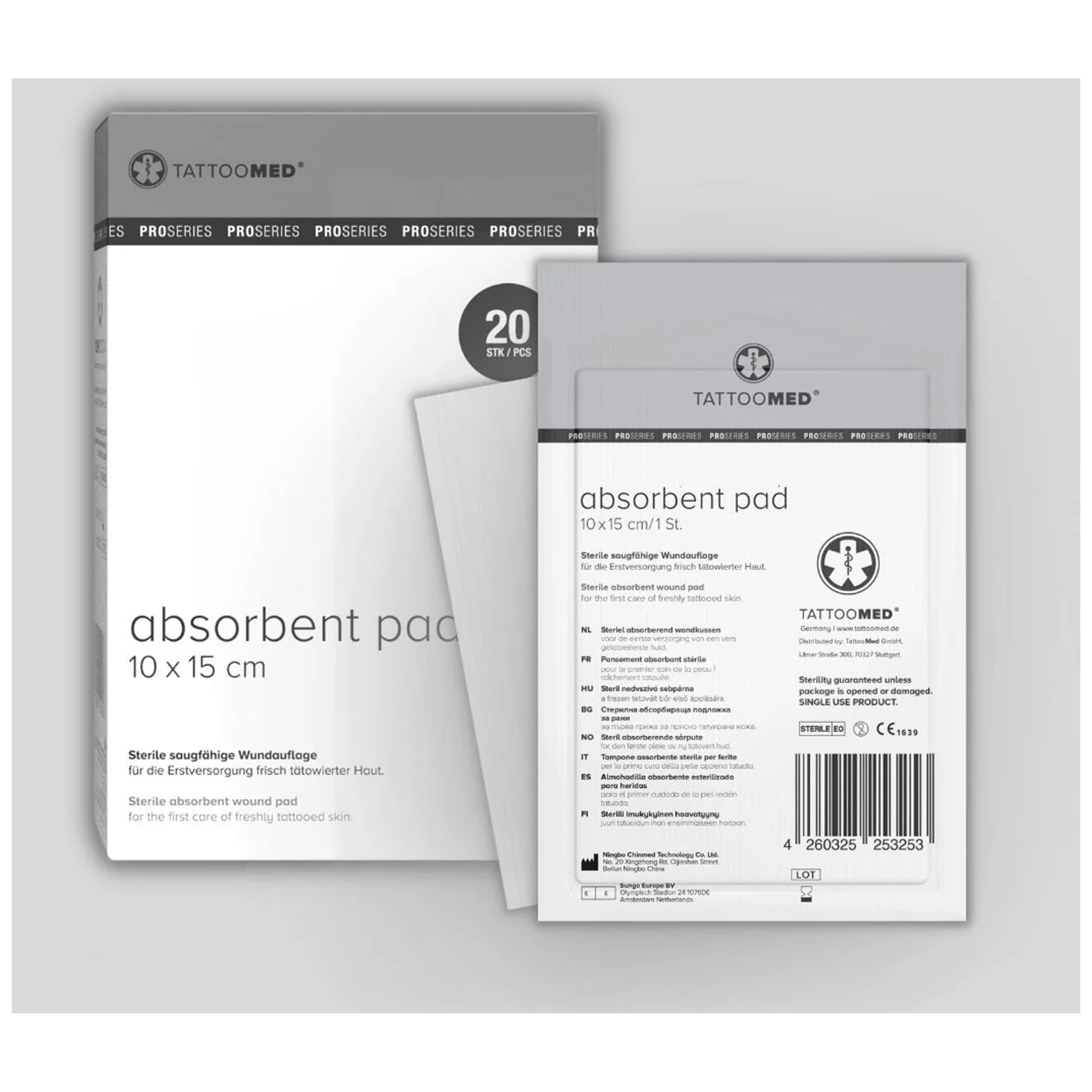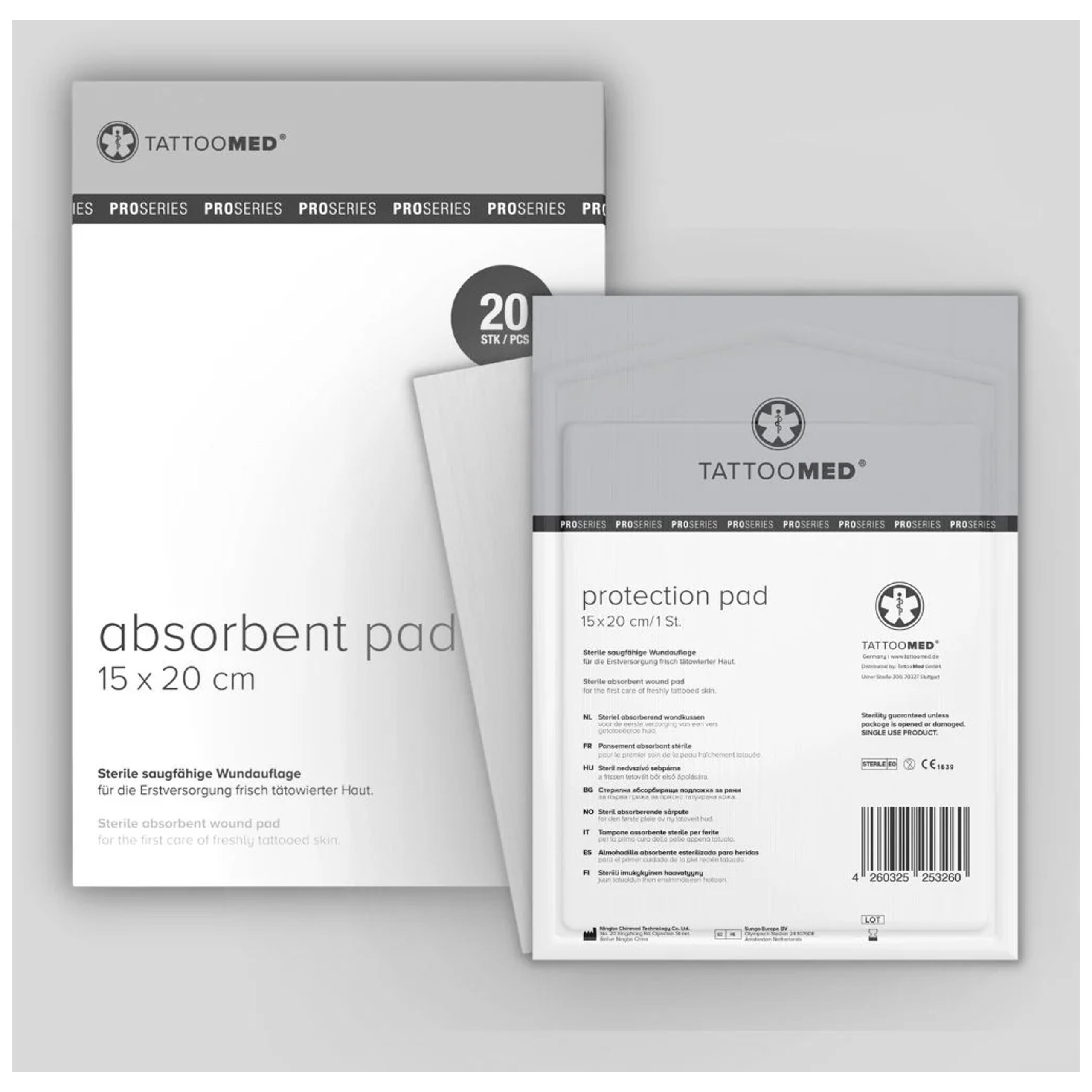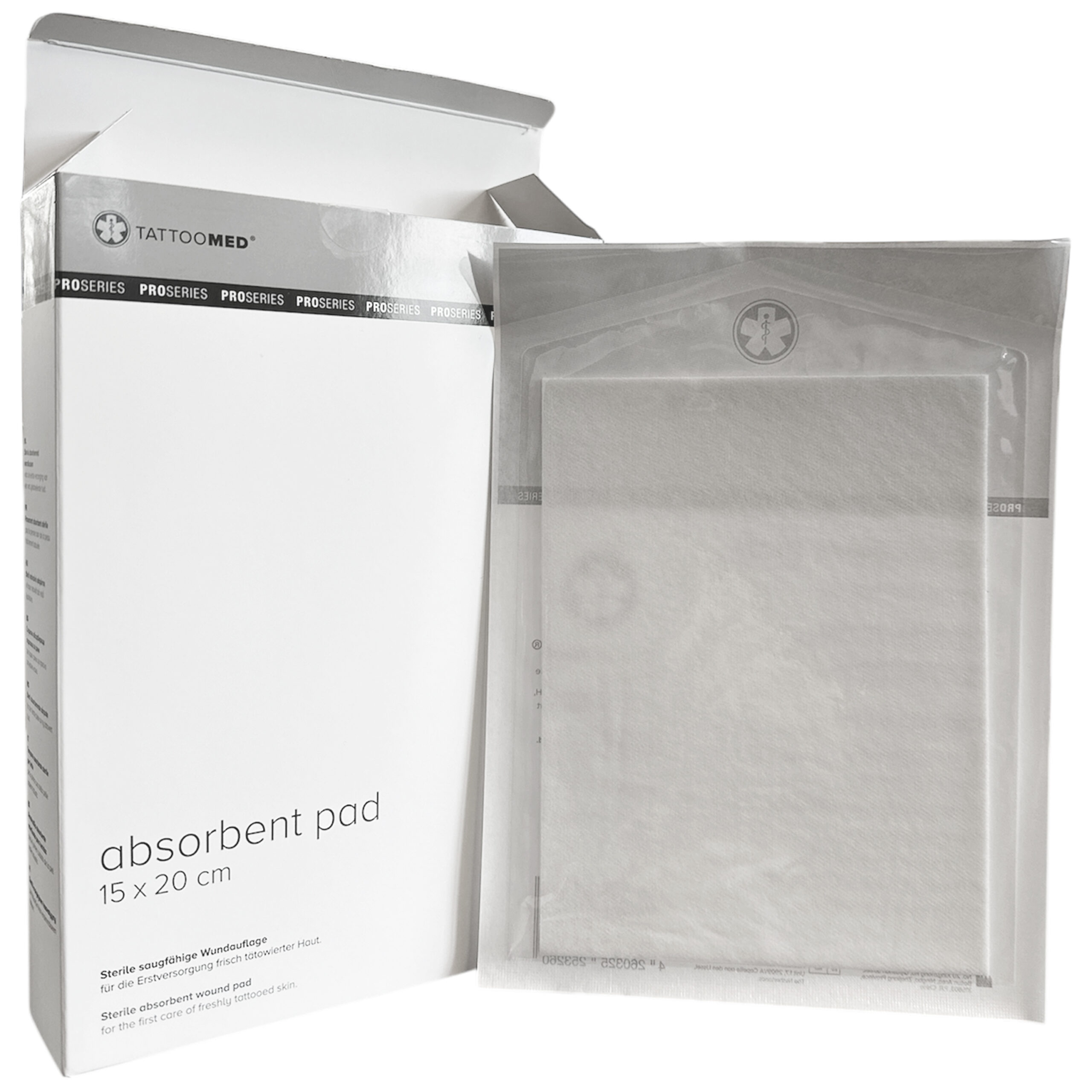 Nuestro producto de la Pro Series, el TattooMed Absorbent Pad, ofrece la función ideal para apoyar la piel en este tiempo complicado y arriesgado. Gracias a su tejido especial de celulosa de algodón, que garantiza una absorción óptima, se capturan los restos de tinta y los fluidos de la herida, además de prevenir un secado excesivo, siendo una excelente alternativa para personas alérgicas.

□ □ □

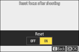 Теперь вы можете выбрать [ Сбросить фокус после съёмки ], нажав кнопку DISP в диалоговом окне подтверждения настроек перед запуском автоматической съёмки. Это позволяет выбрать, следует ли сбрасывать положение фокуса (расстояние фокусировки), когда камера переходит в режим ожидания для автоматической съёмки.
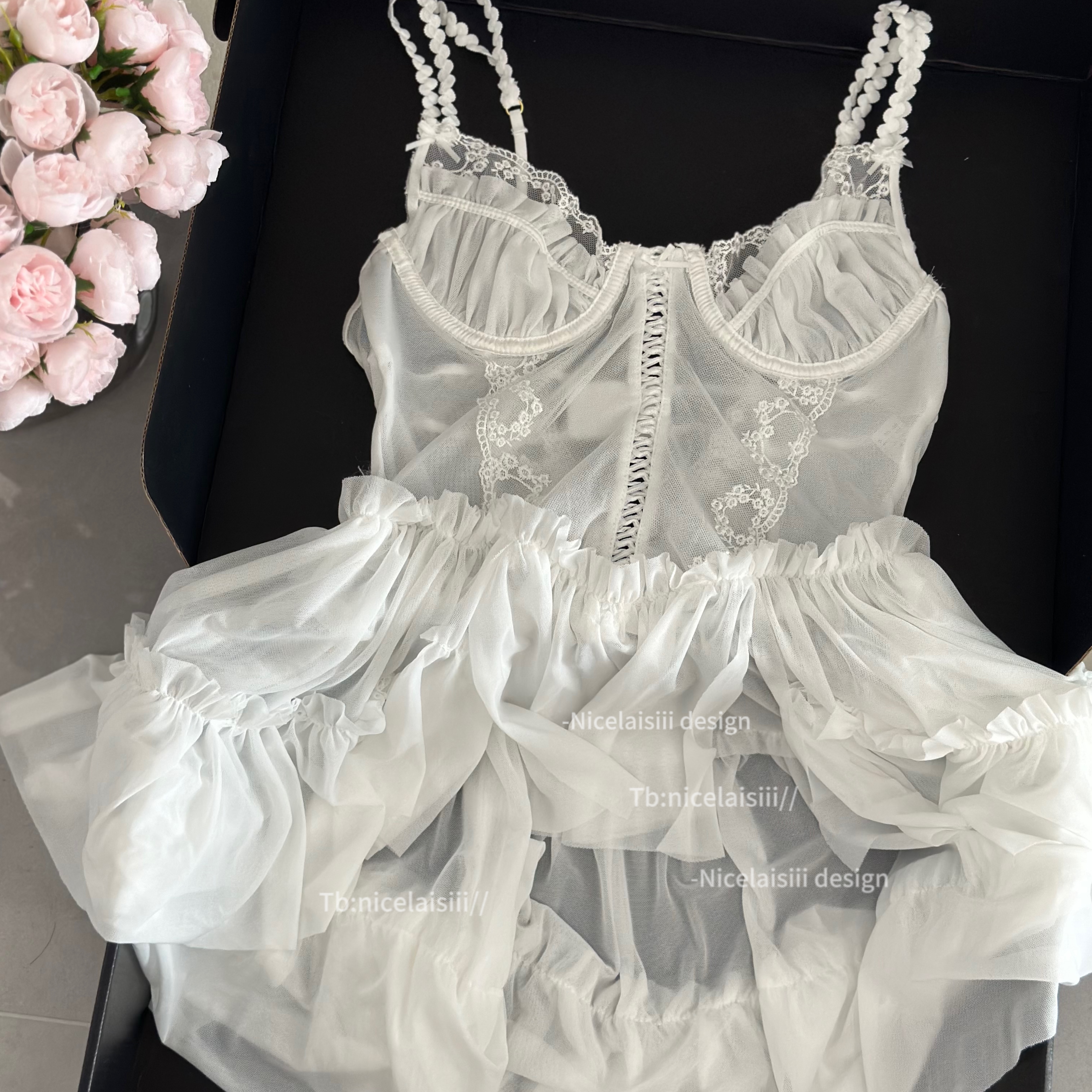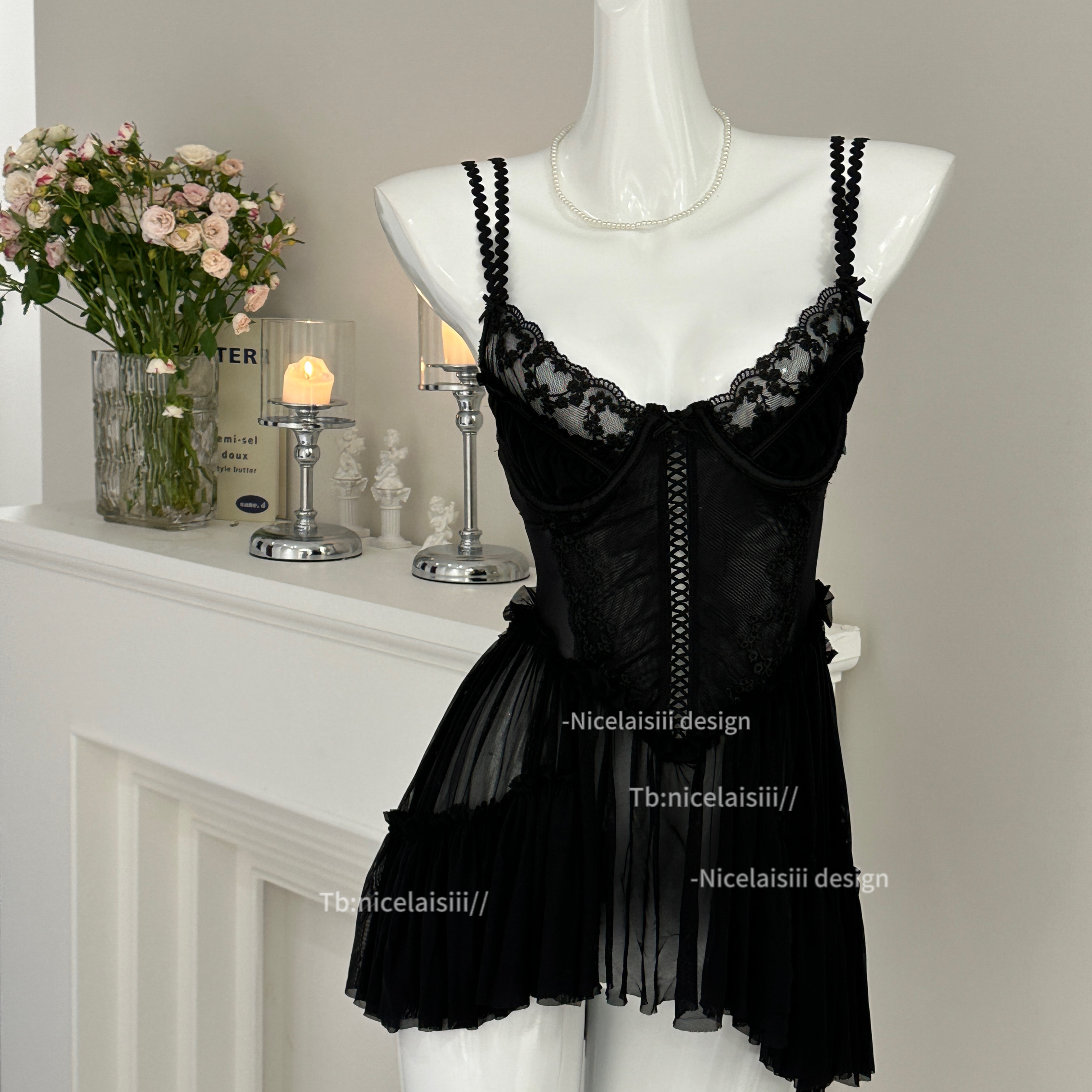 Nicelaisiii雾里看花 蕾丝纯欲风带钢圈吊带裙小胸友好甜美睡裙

□ □ □

Activity: Leaving each picture behind, please give again exactly the lines above from the one with "Теперь вы можете" through the one with "Nicelaisiii雾里看花 蕾丝纯欲风带钢圈吊带裙小胸友好甜美睡裙", both included, and no others.

Result below:
 Теперь вы можете выбрать [ Сбросить фокус после съёмки ], нажав кнопку DISP в диалоговом окне подтверждения настроек перед запуском автоматической съёмки. Это позволяет выбрать, следует ли сбрасывать положение фокуса (расстояние фокусировки), когда камера переходит в режим ожидания для автоматической съёмки.
 Nicelaisiii雾里看花 蕾丝纯欲风带钢圈吊带裙小胸友好甜美睡裙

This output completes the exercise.